Publication year - 1991
Publication title -
histopathology
Language(s) - English
Resource type - Journals
SCImago Journal Rank - 1.626
H-Index - 124
eISSN - 1365-2559
pISSN - 0309-0167
DOI - 10.1111/j.1365-2559.1991.tb00889.x
Subject(s) - medicine , pathogenesis , thyroid , autoantibody , thyroiditis , pathology , anti thyroid autoantibodies , disease , immunology , antibody
We describe 13 cases of inflammatory lesion of breast lobules in young and middle‐aged women, presenting as breast lumps, with, in five cases, associated breast pain. The patient with the most florid bilateral disease subsequently developed Hashimoto's thyroiditis. This prompted us to consider an autoimmune pathogenesis for all the breast lesions. We confirm a previously documented association of such breast lesions with diabetes mellitus and review the evidence for a possible HLA association.

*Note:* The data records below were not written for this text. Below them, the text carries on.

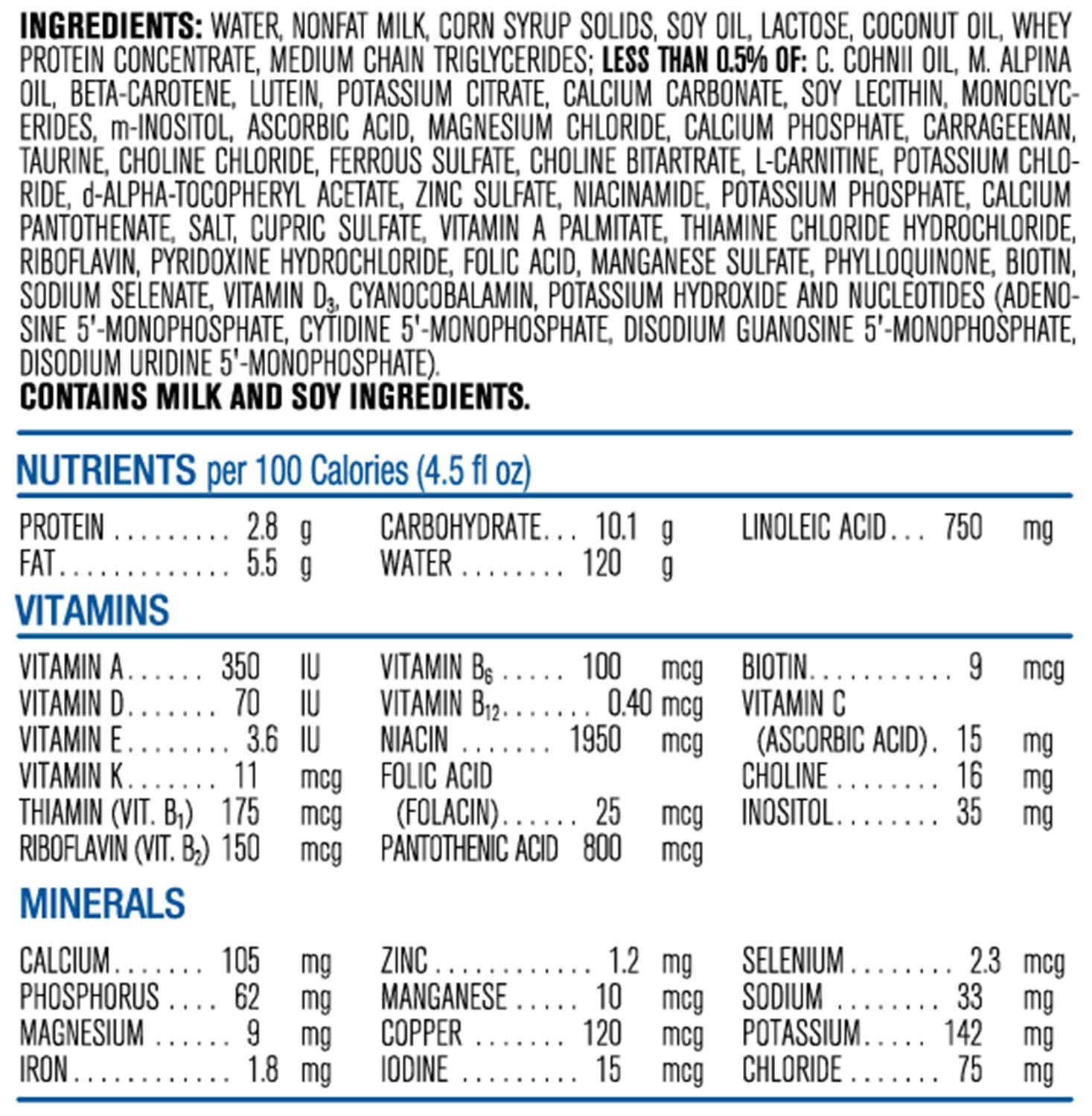 Ingredients: Water, Nonfat Milk, Corn Syrup, Lactose, Soy Oil, High Oleic Safflower Oil, Whey Protein Concentrate, Medium Chain Triglycerides, Coconut Oil, Less than 5% of C. Cohnii Oil, M. Alpina Oil, Beta-Carotene, Lutein, Potassium Citrate, Calcium Carbonate, Soy Lecithin, Monoglycerides, M-Inositol, Ascorbic Acid, Magnesium Chloride, Calcium Phosphate, Carrageenan, Taurine, Choline Chloride, Ferrous Sulfate, Choline Bitartrate, L-Carnitine, Potassium Chloride, D-Alpha-Tocopheryl Acetate, Zinc Sulfate, Niacinamide, Potassium Phosphate, Calcium Pantothenate, Salt, Cupric Sulfate, Vitamin A Palmitate, Thiamine Chloride Hydrochloride, Riboflavin, Pyridoxine Hydrochloride, Folic Acid, Manganese Sulfate, Phylloquinone, Biotin, Sodium Selenate, Vitamin D3, Cyanocobalamin, Potassium Hydroxide and Nucleotides (Adenosine 5’-Monophosphate, Cytidine 5’-Monophosphate, Disodium Guanosine 5’-Monophosphate, Disodium Uridine 5’-Monophosphate).
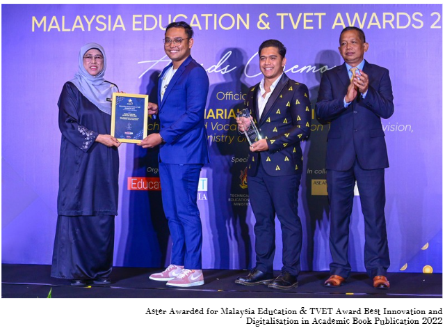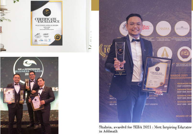 • SEBA Best SME 2021 – Best Service Provider in Secondary Education • SEBA 2021 – Most Inspiring Educator in Addmath • Malaysia Education & TVET Award 2022 – Best Innovation and Digitalisation in Academic Book Publication . media recognition (harian metro n so on)
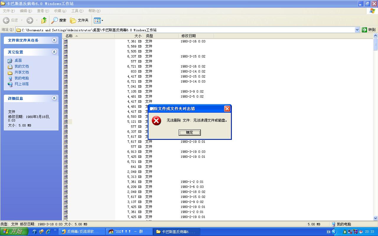 如图``卡巴文件夹变成了这些文件``且不能删除`
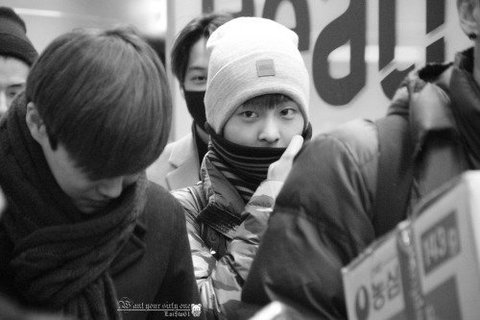 150102 시우민영국입국 새사진(닭손건재 ㅋㅋ)
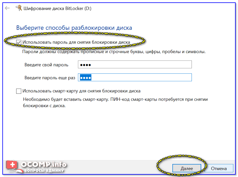 После указываем, что нам необходимо зашифровать диск и установить пароль (для снятия блокировки). Пример ниже
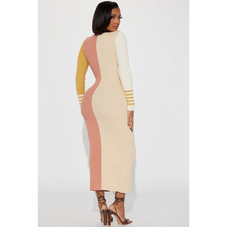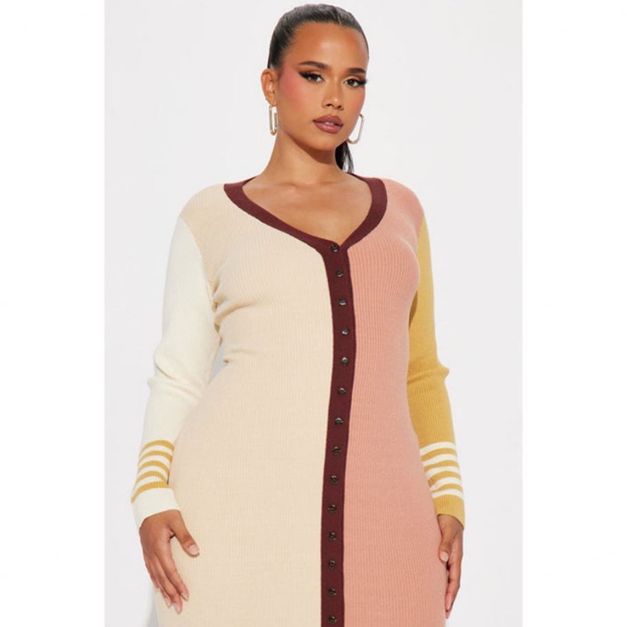 เดรสไหมพรมทรงเข้ารูป คอวี แต่งผ้าต่อสีตัดกัน สไตล์มินิมอล วินเทจ คุณภาพสูง ราคาประหยัด
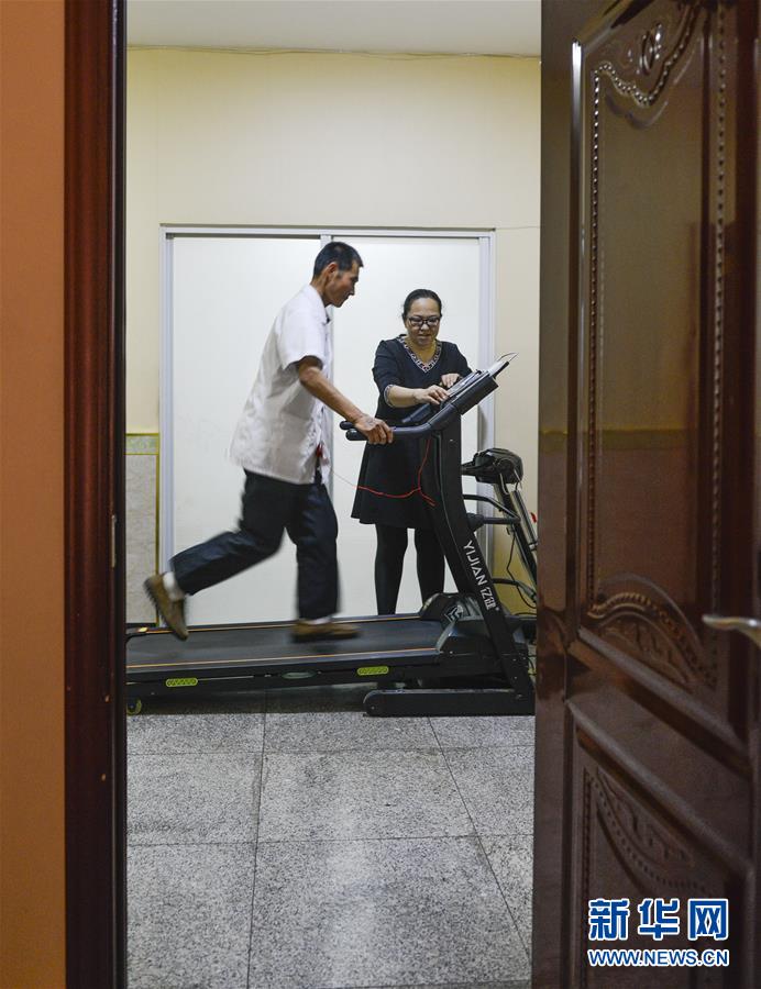 张力军妻子郭春侠(右)在按摩店里帮助按摩师傅卢玉军调试跑步机(5月14日摄)。按摩师是一个辛苦的职业,张力军希望尽可能地给师傅们创造好的工作环境。 新华社发(刘满仓 摄)
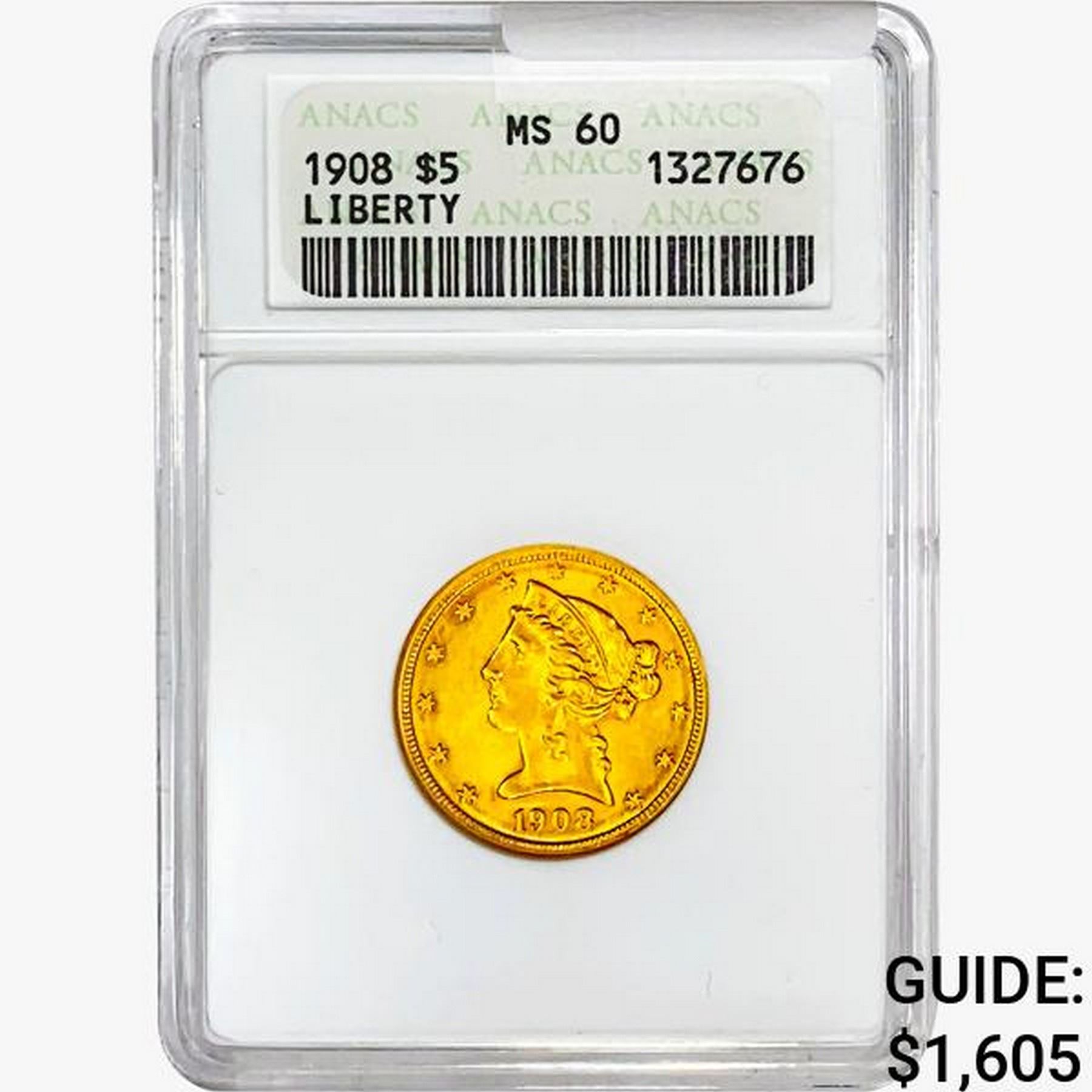 1908 $5 Gold Half Eagle ANACS MS60 Liberty
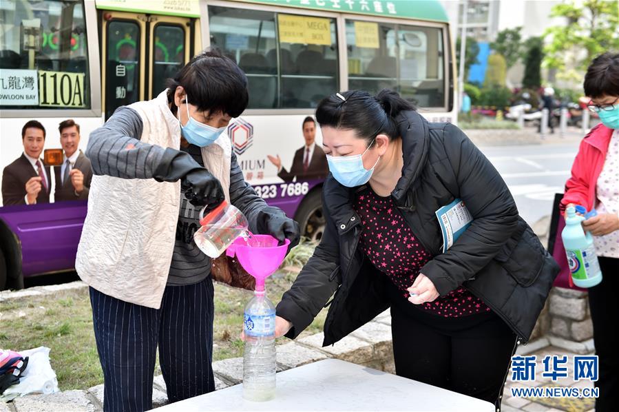 2月23日,市民領取消毒清潔劑。在將軍澳向市民免費派發(fā)消毒清潔劑。當日,香港工聯(lián)會新華社記者盧炳輝攝

Increased HLA‐DR expression by breast epithelial cells was observed in cases available for study. Of the seven patients screened for circulating autoantibodies, three had none, one had smooth muscle antibodies, one parietal cell, one parietal cell and thyroid microsomal, and the seventh had the thyroid autoantibodies expected in Hashimoto's disease. Five of seven patients whose HLA‐status was determined were HLA‐DR or 5 positive, either singly or in combination. Immunophenotypic analysis of the mammary lymphoid infiltrate showed that the majority of infiltrating lymphocytes were B‐cells.